Conditioning to a clicker

I've decided to use a clicker to train Diesel, for consistancy and to improve the bond between us. Up until now Diesel had very basic training, he knew 'sit', 'come', 'stay' and 'paw'.

It seems he has mostly been lure trained (i.e shown the treat then followed it into the correct position until he sat, then given the treat), so I knew from experience that this could make clicker training difficult, as dogs who are lure taught often wait to be shown what to do rather than thinking for themselves and offering behaviours to shape (taking a small movement and building it up into a more complex behaviour or trick).

Having clicker trained my first Husky I knew the basics, but having struggled to shape any behaviours with her (having no known about clicker training until she was about 9 months old I had lure trained her) this was going to be a learning curve for both me and D.

 The idea behind clicker training is that once you have taught the dog that click - treat, you use the clicker to mark wanted behaviours, so when the dog does something right, you click and the dog knows that a reward will follow. Using a clicker means that it is easier to mark the correct behaviour, as it is the click which tells the dog it was right, not the treat (which takes longer to give than clicking). It also makes it easier to train dogs without having a treat in view, many dogs (having been lure trained) will not respond to commands if they can not see the reward, whereas clicker trained dogs know that treat will follow click even if they can't see one.

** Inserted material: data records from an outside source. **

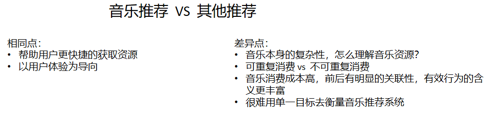 差异:可重复消费与不可重复消费的不同之处。解决:利用音乐的消费特性,去智能地分析不同歌曲之间的关联性。
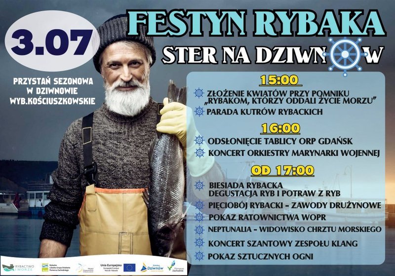 Dziwnów. „Ster na Dziwnów” to cykliczna impreza organizowana od wielu lat przez gminę Dziwnów, Rybacką Lokalną Grupę Działania Pomorza Zachodniego, Europejski Fundusz Morski i Rybacki oraz Nasz Dziwnów, która ma za zadanie pokazać pracę tutejszych rybaków. Będą oni częstowali gości i wczasowiczów złowionymi przez siebie rybami, co zawsze jest wielką atrakcją, a chętnych nigdy nie brakuje.
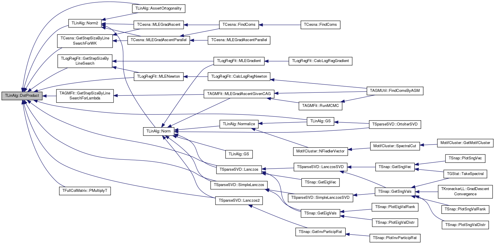 Referenced by AssertOrtogonality(), TLogRegFit::GetStepSizeByLineSearch(), TAGMFit::GetStepSizeByLineSearchForLambda(), TCesna::GetStepSizeByLineSearchForWK(), GS(), TSparseSVD::Lanczos(), TSparseSVD::Lanczos2(), TLogRegFit::MLENewton(), Norm2(), TFullColMatrix::PMultiplyT(), and TSparseSVD::SimpleLanczos().
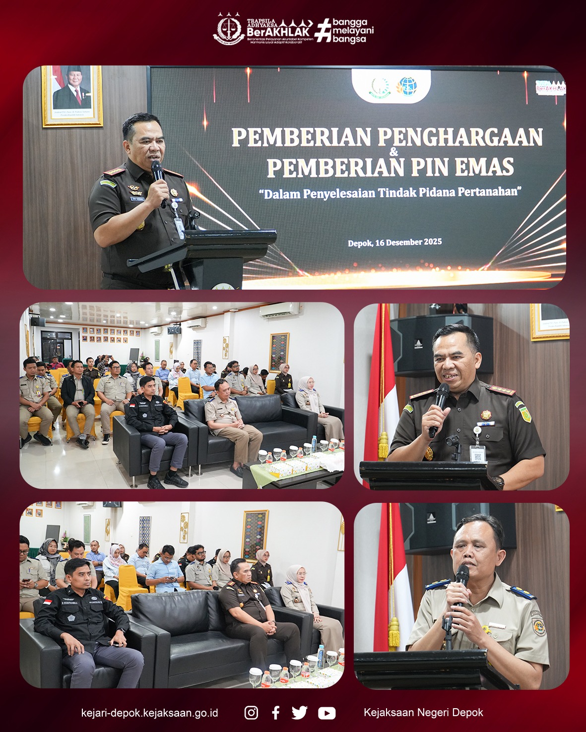 Depok, (16/12/2025) Kepala Kejaksaan Negeri Depok, Dr. Arif Budiman, S.H., M.H menerima Piagam Penghargaan dan Pin Emas “Atas Prestasi Dalam Penyelesaian Target Operasi Utama dan Target Operasi Tambahan Tindak Pidana Pertanahan” yang di berikan langsung oleh Badan Pertanahan Nasional Kota Depok bertempat di Aula Kejaksaan Negeri Depok.
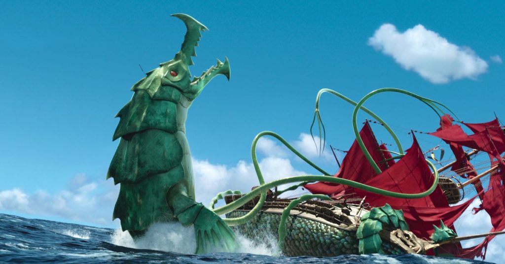 In particolare, questa storia d’avventura ambientata nell’oceano distribuisce mega galloni di acqua animata dal computer con grande abilità. In superficie, mentre le navi da caccia si aggirano per il mare alla ricerca di temibili bestie che presumibilmente minacciano l’umanità, l’acqua luccica e ribolle. Sotto, quando i marinai vengono occasionalmente trascinati giù per affrontare enormi creature kaiju, l’oscurità crea una bellezza eterea e spartana. Le creature stesse sono una meraviglia dal design economico: abbastanza fumettistiche per espressioni leggibili, abbastanza imponenti da mettere un buon spavento momentaneo nel pubblico più piccolo.

So using most of his dinner (not all otherwise he would be upset when the others got theirs!) we started. First I had to condition him to know that the click = reward, to do this I simply clicked then immediately gave him a bit of kibble (he loves anything edible, more stubborn or fussy dogs might need something like ham or chicken to get them to work at their best). After 5 or so repetitions of click/treat (C/T) I stopped and ignored him (he was sat waiting for the next one) and waited until he got bored and wandered off, then I clicked again and he came running over looking for his treat, SUCCESS! So he now associated the click with a treat, this ment we could start to teach behaviours.

There were only two things I had planned to train him during that session, and figured that doing those would use up the amount of food I had set aside, but the boy does have a well functioning brain somewhere in that big skull of his and he was picking things up so quickly that we ended up learning five!

Watch me (a focus command)
Down (lay down)
Touch (target my hand with his nose)
Gently (take food gently)
Spin (spin 360° to his left)

I'll go over these in seperate posts as I think this one is long enough already! But I am very very proud of him, and he is looking pleased with himself too! Already I can see he is responding to me better throughout the day and I hope this will be a big help when it comes to working with him outside around other dogs.